Lihat ke Halaman Asli

Puspa Sari Dewi

A lifelong learner

Menilik Budaya Bertetangga di Balik Rusun Singapura

Diperbarui: 24 November 2021   15:29

Kompasiana adalah platform blog. Konten ini menjadi tanggung jawab bloger dan tidak mewakili pandangan redaksi Kompas.

Condominium/rumah susunnya Singapura (Dokpri)

Memiliki luas wilayah yang terbatas, lebih dari 80% penduduk Singapura tinggal di kawasan perumahan yang dibangun pemerintah. Gedung tinggi menjulang berdiri di tengah kawasan kota Singapura. Bangunan-bangunan bertingkat itu merupakan rumah susun dengan pemandangan di sekitarnya yang tetap asri dan rapi.

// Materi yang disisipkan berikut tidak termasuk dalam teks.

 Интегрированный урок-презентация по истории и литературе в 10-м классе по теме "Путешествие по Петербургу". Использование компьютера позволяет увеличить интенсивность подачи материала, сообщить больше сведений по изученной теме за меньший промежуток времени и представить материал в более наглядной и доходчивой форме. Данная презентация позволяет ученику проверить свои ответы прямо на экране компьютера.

Meski begitu, jangan membayangkan kehidupan di perumahan yang mereka miliki seperti kebanyakan di tanah air. Memang kondisi di sekitar rumah rusun ini begitu rapi, lingkungan tampak asri, ditambah lagi banyaknya ruang terbuka hijau yang mempercantik pemandangan. Namun, dalam budaya bertetamgga di sini tidak seperti negara kita.

Indonesia terkenal dengan cepatnya menyebar berita-berita yang sedang disorot. Bahkan berita-berita dari kalangan masyarakat sekitar pun cepat sekali terdengar oleh para tetangga dan desa-desa sebelah.

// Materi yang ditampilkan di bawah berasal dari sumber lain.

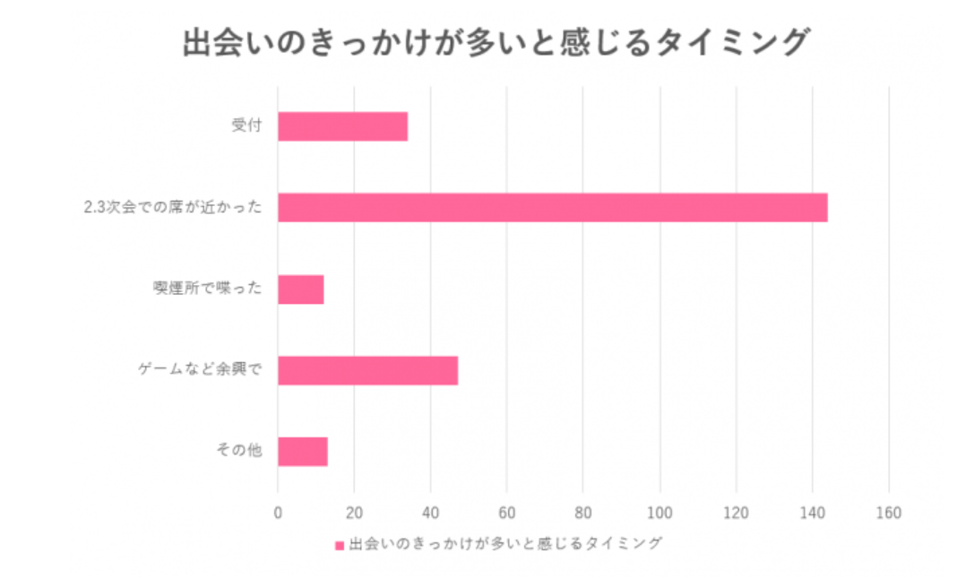 さらに同調査で、「出会いのきっかけが多いと感じるタイミング」を質問したところ、「二次会・三次会での席が近かった」と答えた人が144名で一番多い結果になりました。

Hal ini dikarenakan kebanyakan warga Indonesia yang menganggur dan hanya menetap di rumah sehari-harinya. Sehingga mereka mudah untuk bersosialisasi dan berbincang-bincang renyah sampai hal yang ringan dan tidak penting pun selalu dibahas. 

Meskipun tidak semua warga kita yang menganggur, tetapi mereka menetap di rumah dengan membuka usaha rumahan, sehingga mudah untuk bercengkerama dengan tetangga.

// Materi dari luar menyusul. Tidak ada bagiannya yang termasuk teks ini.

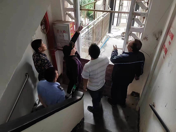 查看电梯加装工程现场。通讯员供图

Lain halnya di Singapura. Kota maju dengan 95% penduduknya yang sibuk di kantor, membuat budaya bertetangga menjadi tidak erat. Bahkan ini saya alami, tinggal di rusun yang mana dalam satu lantai terdiri dari enam rumah, tetapi kami tidak saling sapa saat berjumpa. 

Hanya memberi salam saja (good morning / good afternoon) yang sudah membudaya dengan greetings tanpa adanya percakapan basa-basi. Padahal, rumah kami saling berhimpitan. Hanya satu dinding pembatas saja yang memisahkan.

Awalnya saya pikir mereka sombong, tetapi seiring berjalannya waktu lamanya stay di negara ini, saya semakin paham. Jangankan mereka yang bekerja di kantor, bagi yang work from home pun tetap saja menutup pintu selama 24 jam meskipun mereka ada di dalam rumah. 

Budaya bertetangga di kota maju ini benar-benar lemah, karena mereka sibuk dengan urusannya masing-masing. Tidak ada waktu untuk sekadar mengobrol ringan dengan tetangga kanan kiri meskipun rumah saling menempel.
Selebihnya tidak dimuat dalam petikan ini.